Tables can sit directly inside slides or inside frames. Both paths come through as TableBlock with rows, headers, and merged cells preserved — same shape as the DOCX/PPTX parser.

Bullet & Numbered Lists

text:list elements become typed list blocks. Each text:list-item becomes an entry in the list; empty items are filtered out.

Images

Embedded images (draw:image) extracted with their xlink:href path and inferred MIME type. Image references stay anchored to the slide they appeared on.

Metadata

Document metadata from meta.xmldc:title, dc:creator, dc:date. Useful for indexing slide decks by author or date in bulk pipelines.

Slide-by-Slide Structure

Because each slide becomes its own SectionBlock, downstream code can iterate slides cleanly without flattening the deck into one continuous stream. Want just the headings? Filter to type: "section" with kind matching "slide:*", then walk each slide's children for type: "heading". Want just slides with tables? Same shape, different filter.

from ailang_parse import DocParse

result = DocParse(api_key="...").parse_file("deck.odp")

for slide in result.blocks:
    if slide.type != "section":
        continue
    print("---", slide.kind, "---")
    for block in slide.blocks:
        if block.type == "heading":
            print("H" + str(block.level), block.text)
        elif block.type == "list":
            for item in block.items:
                print("  -", item)

Use Cases

Conference Talk Archives

Many academic and open-source conferences publish slide decks in ODP. Index them by speaker, search across hundreds of decks, or feed slide outlines to an LLM without losing slide boundaries.

Mixed-Office Pipelines

Organisations with a Linux/LibreOffice contingent end up with mixed PPTX/ODP archives. One parser, one Block ADT, one downstream pipeline. See PPTX parsing for the PowerPoint counterpart.

Slide-Level RAG

Each slide becomes its own retrievable chunk with explicit boundaries. Embed the slide as a unit instead of a windowed chunk of flattened text — the model gets a coherent slide instead of half of slide 4 plus half of slide 5.

Outline Extraction

Pull every slide title for an automatic table of contents. Generate PPTX or QMD output from an ODP source for cross-tool collaboration.

Browser-Based Review

Drop an ODP into the Workbench — the parser runs in WebAssembly, the file never leaves your browser. Useful when slide decks are confidential.

Format Migration

Convert ODP archives to PPTX, HTML, or Markdown. Slide structure, text frames, lists, and images survive the conversion intact — no rendering pass required.

Try It

Workbench (in-browser)

Drop an ODP file into the Workbench — parsing runs in WebAssembly with the same AILANG parser used by the CLI. No upload, no signup.

CLI

# Parse an ODP file
./bin/docparse deck.odp

# Convert ODP to Markdown
./bin/docparse deck.odp --convert outline.md

# Convert ODP to PPTX
./bin/docparse deck.odp --convert deck.pptx

API

curl -X POST https://docparse.ailang.sunholo.com/api/v1/parse \
  -H "Content-Type: application/json" \
  -d '{"filepath":"deck.odp","outputFormat":"json","apiKey":"YOUR_API_KEY"}'

Parse in Browser    API Reference

Frequently Asked Questions

How do I parse an ODP file to JSON?

Drop it into the Workbench, send it to the API, or use the Python/JS/Go/R SDK. The parser reads OpenDocument Presentation XML directly — no LibreOffice subprocess.

Are slides extracted individually?

Yes. Every draw:page becomes its own SectionBlock with a slide name. Text frames, tables, lists, and images inside that slide come through as typed blocks within the section.

Does ODP parsing need LibreOffice installed?

No. content.xml is read directly from the .odp zip. No soffice subprocess, no headless rendering, no PPTX conversion.

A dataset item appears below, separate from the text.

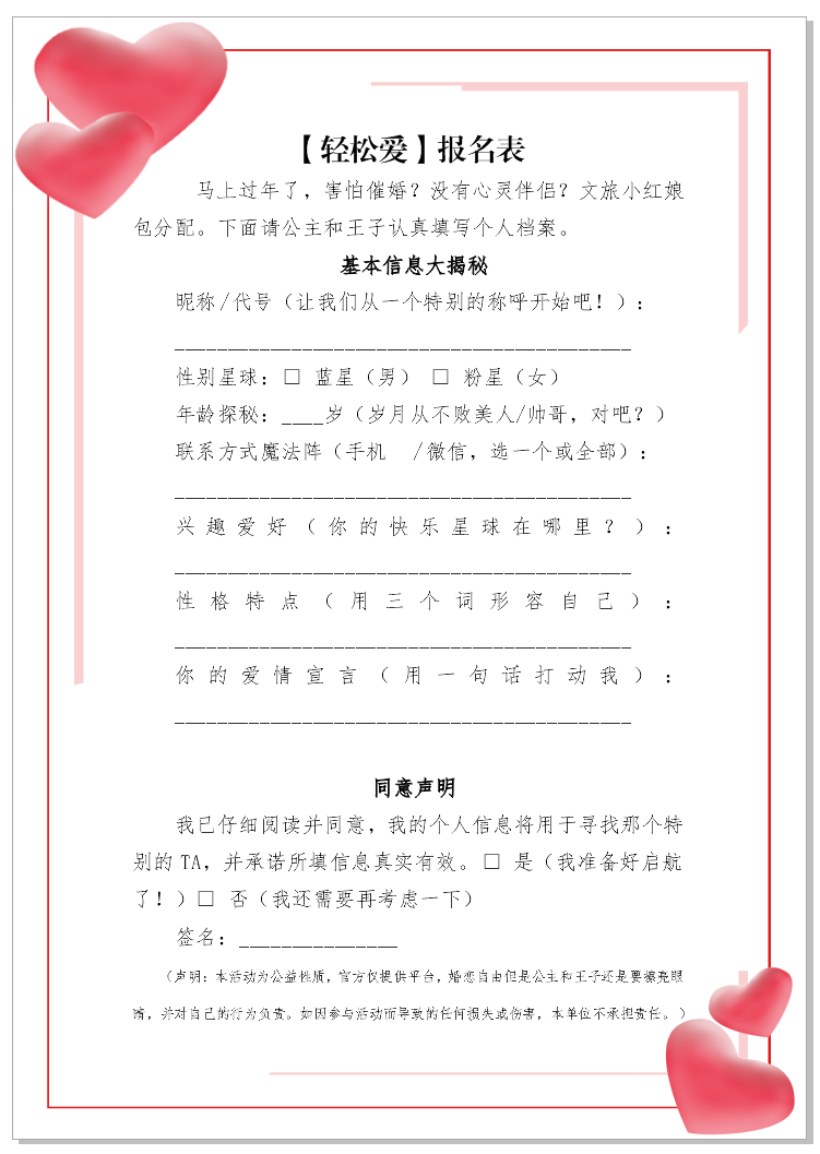 前来参加活动的追爱人需要带上个人照片填写一份“轻松爱”报名表,即可领取临沧文旅明信片一份。填写好的报名表会贴在“爱的表白墙”上,可以让来参加的人互相留下心仪对象的联系方式。

What slide elements are extracted?

Text frames (draw:text-box), headings (text:h), paragraphs (text:p), tables (table:table), lists (text:list), and images (draw:image) — each anchored to the slide it lives on.

Does ODP parsing run in the browser?

Yes. The same AILANG parser used by the CLI compiles to WebAssembly. Files never leave the browser tab.